Why is algebra so difficult? Other students in my class seem to have far less difficulty with it then I do and other math subjects are so much easier in comparison. I have trouble remembering all the theorems relating properties between definitions. I can't visualize anything, and I do practice alot. If I don't look at it for one week I already forget all kinds of stuff, while I can remember most things from other topics easily. I can follow the proofs in the book, but mostly by checking the logic, I can't see (and thus don't understand) the significance or the consequences of what has been proved.

Any tips on how to make my algebra-life easier is greatly appreciated.

 

I want to prove the following: If F is a field and the element 'a' transcendental over F, then the algebraic closure of F in F(a) is equal to F.

 

Not sure where to start. The algebraic closure of F in F(a) is {x in F(a)|x algebraic over F}. Every element of F is ofcourse an element of F(a).

So take an x in F(a) which is algebraic over F. I want to show it is an element of F. So I guess I could show x has an inverse? And I probably have to use that F(a) is isomorphic to F(X) (field of rational functions over F).

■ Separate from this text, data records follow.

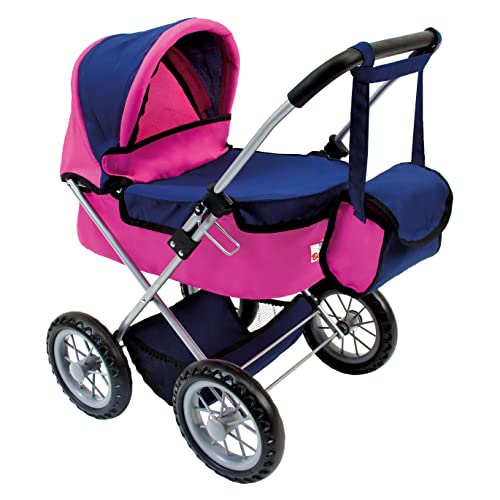Bino docka buggy med ficka, leksak för barn från 3 år (dockvagn inklusive hängande väska och shoppingnät, justering av huvud och fotdel, hopfällbart funktion) rosa/blå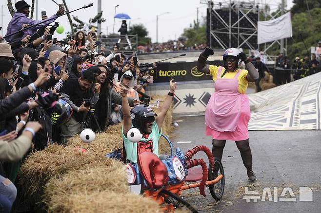 [보고타=AP/뉴시스] 29일(현지시각) 콜롬비아 보고타에서 무동력 차량 경주가 열려 직접 만든 차량으로 경주로를 달리던 참가자들이 방호벽에 부딪힌 후 관객들의 환호를 이끌어내고 있다. 이 경주는 참가자들이 창의력과 기술력으로 중력만을 이용해 구동하는 차량을 만들어 경쟁하는 독특한 행사로, 현지 주민과 방문객들에게 큰 즐거움을 선사하는 행사로 자리 잡고 있다. 2024.09.30.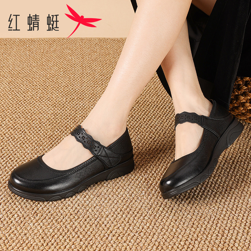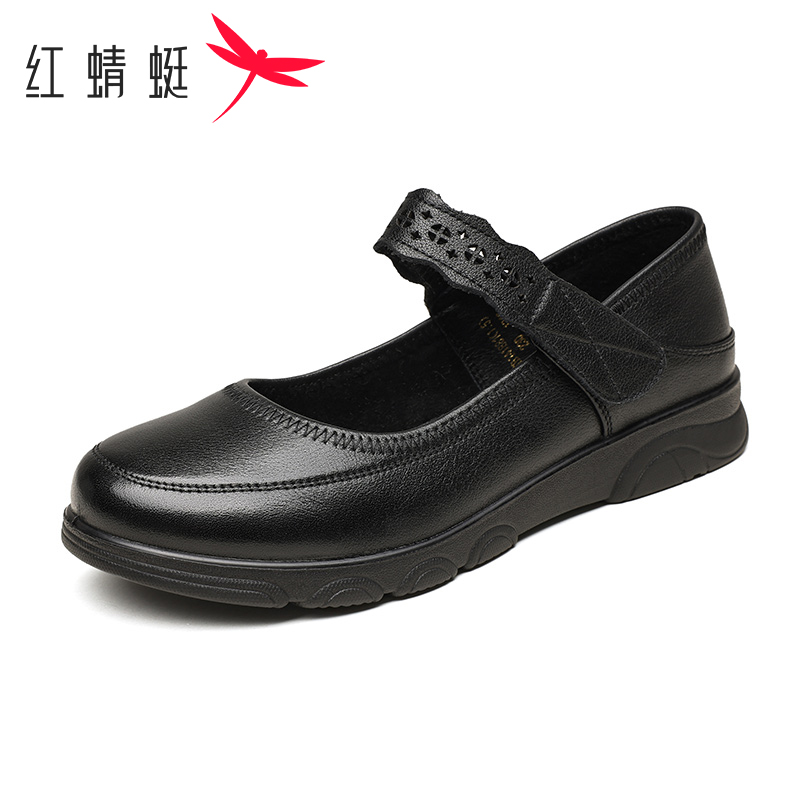 中老年妈妈鞋 红蜻蜓女鞋 舒适软底魔术贴单鞋 真皮浅口玛丽珍鞋 秋季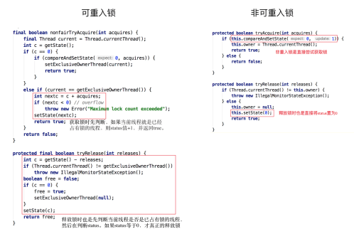 当线程尝试获取锁时,可重入锁先尝试获取并更新status值,如果status == 0表示没有其他线程在执行同步代码,则把status置为1,当前线程开始执行。如果status != 0,则判断当前线程是否是获取到这个锁的线程,如果是的话执行status+1,且当前线程可以再次获取锁。而非可重入锁是直接去获取并尝试更新当前status的值,如果status != 0的话会导致其获取锁失败,当前线程阻塞。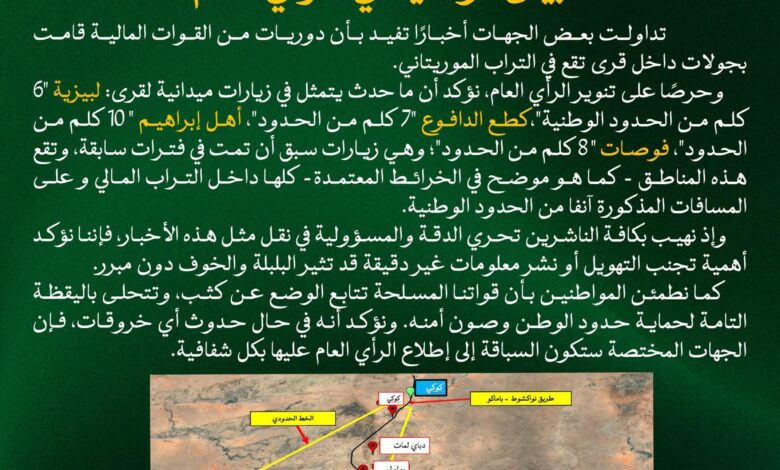 الجيش الموريتاني: القرى التي زارتها دوريات مالية تقع داخل حدود مالي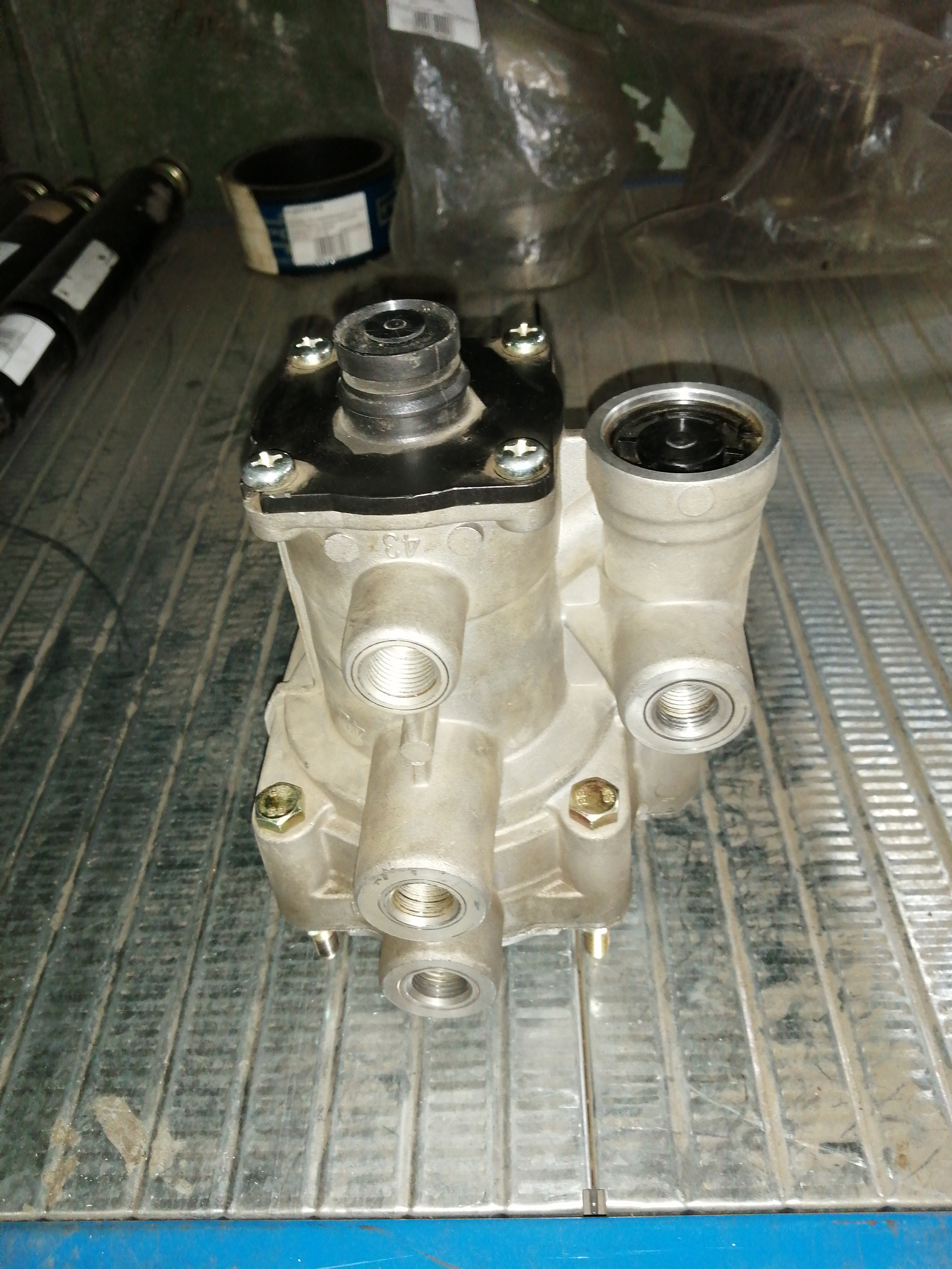Воздухораспределитель применяется в пневматической системе грузовых автомобилей HOWO. Управляет распределением сжатого воздуха между контурами тормозной системы и другими пневматическими потребителями. Артикул WG9000360180/3. Представлено в каталоге ГК Росса.
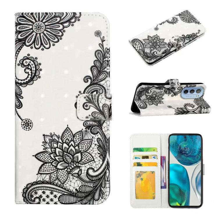 Funda de Cuero para Motorola Moto G52 con Dibujo 3D en Relieve al Óleo (Flor de Encaje)

But I don't see how it all comes together.

 

Thanks for any help.

Posted

Just consider the minimal polys. write out the definitions, if something has a poly in F[a] with certain properties then it has one in F too since 'a' is transcendental.

 

 

and it's hard exactly because you need to memorize lots of definitions; but this makes the theorems harder to state and thus easier to prove.

Posted
if something has a poly in F[a] with certain properties then it has one in F too since 'a' is transcendental.

Well' date=' that's one of those things I don't see.

So do I look at the minimum polynomial of x over F? If F is equal to its alg. closure, then it means F is already alg. closed, right? So I can show that every nonconstant poly. in F[X']=F[a] has a root in F, or that every poly. in F[X] can be written as a product of linear factors.

Posted

But if you've got something in the alg. closure of the small field satisfying an irred poly with coefficients somehow involving the a's, then you've gotten swapping roles over a poly that a satsifies over the small field, contradicting the fact that a is transcendental.

Posted

I think I see. So what you're saying is that if x=sum c_i a^i in F(a) is algebraic over F, then there should a polynomial f=sum d_j X^j with x as a root. And plugging in f(x) would give a polynomial with 'a' as a root, contradicting its transcendentalness.

 

That makes sense, thanks a lot!

Posted

Well, I worked out the details and it looks good. Unless x is in F you will have a polynomial with a as a root. In retrospect the problems are usually not that difficult, but you only find that out afterwards :/

Guess I just have to practice and play with these concepts more.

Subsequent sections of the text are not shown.